Slow payments, defined as those made at least 30 days above terms, increased to 45.78 per cent in the second quarter, up 3.2 percentage points from 42.58 per cent in the first quarter, which had marked a near three-year low, the Singapore Commercial Credit Bureau (SCCB) said in its latest quarterly report on Wednesday (July 1).
Year on year, slow payments were up 8.68 percentage points to 45.78 per cent in the second quarter of 2020.
“The deterioration in payment performance should come as no surprise as the economy came to a virtual standstill for the most of Q2 2020,” said SCCB chief executive Audrey Chia.
She added that it is still premature to determine if there will be an improvement in firms’ payment performance in the near term even with the gradual resumption of economic activities. “The cash flow situation for most firms is likely to remain tight. Hence, we would caution firms to continue exercising vigilance and prudence in their credit policies.”
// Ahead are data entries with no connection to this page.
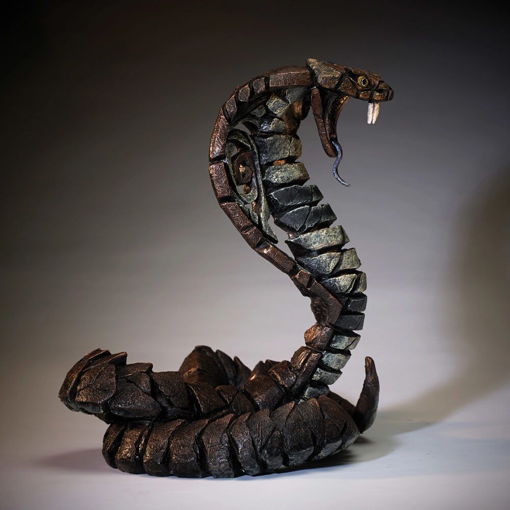 The Edge Sculpture Cobra Figure by Matt Buckley Statue is a stunning work of art that will leave a lasting impression on your visitors. This exquisitely handcrafted and hand painted statue is made of stone resin and measures about 40cm tall x 34cm long x 28cm wide. Designed and sculpted by Matt Buckley, this sculpture depicts a cobra in a classic pose with its head raised, fangs bared, and neck ribs expanded to form the unmistakable hood shape. It is perfect for display in an entryway, library, or lobby, and is sure to impress with its attention to detail and striking design.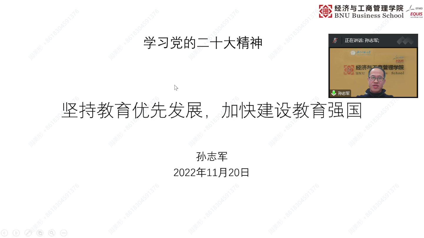 此次讲座加深了同学们对党的二十大精神的理解,使同学们充分认识到了坚持教育优先发展、加快建设教育强国的重要性和必要性。北师大经管人将时刻秉持“学为人师、行为世范”的校训精神,培育爱国情怀,修炼品德修养,丰富专业学识,努力成为德智体美劳全面发展的社会主义建设者和接班人。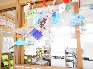 ↓1年生の飾りが、さわやかな風になびいています。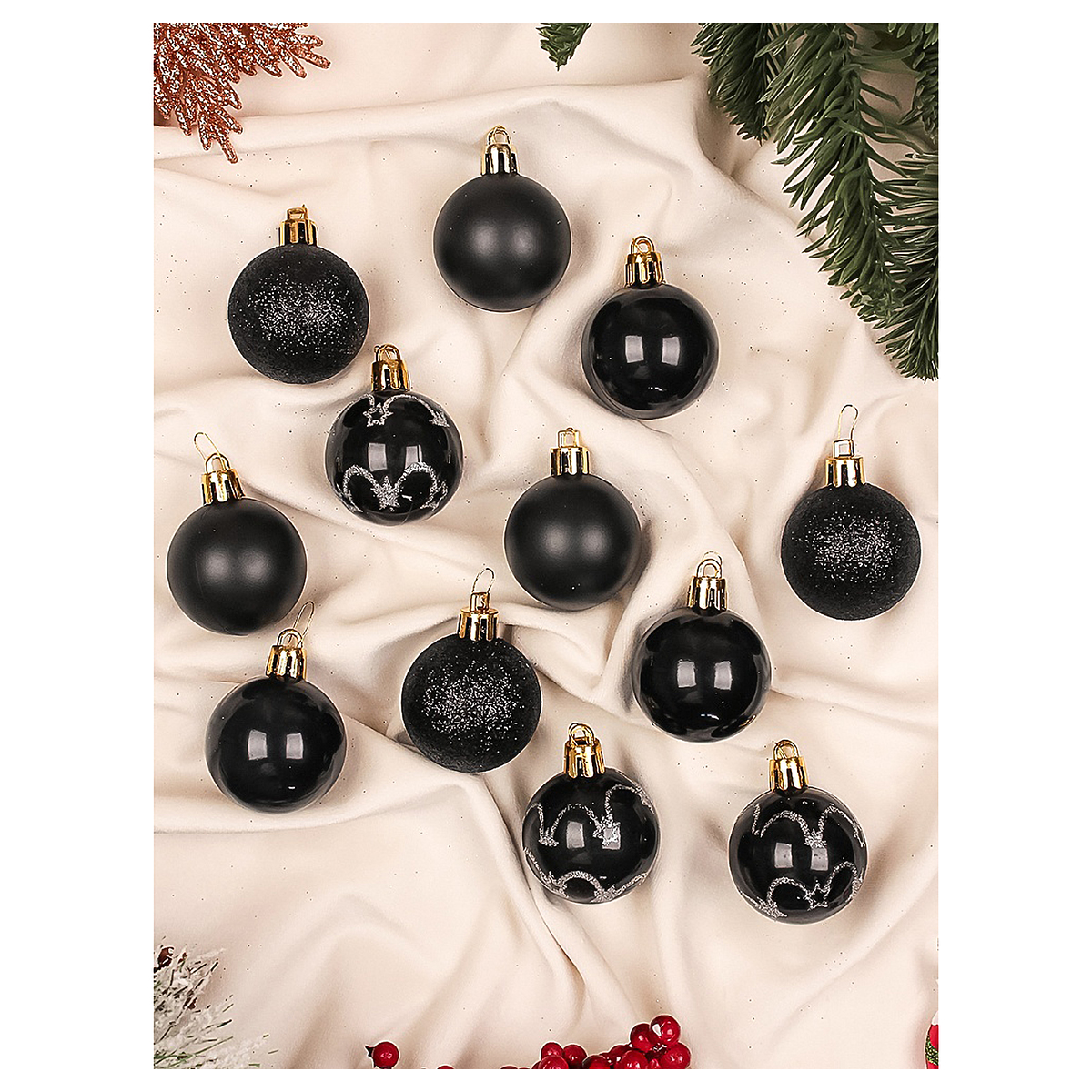 Шар — незаменимое ёлочное украшение, которое поможет создать невероятно уютную атмосферу Нового Года! Набор ёлочных шаров в едином стиле прекрасно подойдёт для декора ёлки или других элементов интерьера. Шары прослужат вам долгие годы, так как сделаны из прочного пластика. Вам не придётся беспокоиться, что дети или животные их разобьют! Размер: 4 см. В наборе 12 шт. Цвет: черный с узором.

Of the five industries studied by SCCB – construction, manufacturing, retail, services and wholesale trade – retail and services recorded the highest quarterly increases in payment delays.
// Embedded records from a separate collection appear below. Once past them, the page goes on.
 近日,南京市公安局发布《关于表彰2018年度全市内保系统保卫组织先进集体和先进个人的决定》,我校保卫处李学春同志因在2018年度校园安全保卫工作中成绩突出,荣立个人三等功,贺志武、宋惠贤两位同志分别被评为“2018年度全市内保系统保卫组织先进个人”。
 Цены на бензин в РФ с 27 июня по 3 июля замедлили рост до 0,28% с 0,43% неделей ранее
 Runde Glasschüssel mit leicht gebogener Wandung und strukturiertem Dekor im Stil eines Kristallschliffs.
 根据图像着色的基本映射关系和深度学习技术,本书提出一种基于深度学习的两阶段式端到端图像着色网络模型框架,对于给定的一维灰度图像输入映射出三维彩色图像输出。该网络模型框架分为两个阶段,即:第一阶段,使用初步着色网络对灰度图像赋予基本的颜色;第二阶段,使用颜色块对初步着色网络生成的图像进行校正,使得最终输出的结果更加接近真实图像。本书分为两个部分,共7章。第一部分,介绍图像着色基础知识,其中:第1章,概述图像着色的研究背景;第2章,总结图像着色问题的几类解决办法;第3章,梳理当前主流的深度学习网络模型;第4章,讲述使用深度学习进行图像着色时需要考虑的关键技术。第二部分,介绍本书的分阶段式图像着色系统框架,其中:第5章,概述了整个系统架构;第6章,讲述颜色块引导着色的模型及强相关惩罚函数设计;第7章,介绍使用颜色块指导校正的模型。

It is also the retail and services industries’ highest year-on-year jump in nine years.
Within retail, slow payments increased to 51.22 per cent in the second quarter, up by 9.72 percentage points from 41.5 per cent in the first quarter. Year on year, the increase in slow payments was 15.03 percentage points.
The delays primarily arose among retailers of general merchandise, followed by retailers of food and beverage, and retailers of building materials and garden supplies.
Within services, slow payments were up 5.03 percentage points quarter on quarter to 48.35 per cent in the second quarter. Year on year, the increase in slow payments was 12.58 percentage points.
The delays were largely faced by the engineering services sub-sector, followed by the educational services sub-sector and hotels and accommodation sub-sector.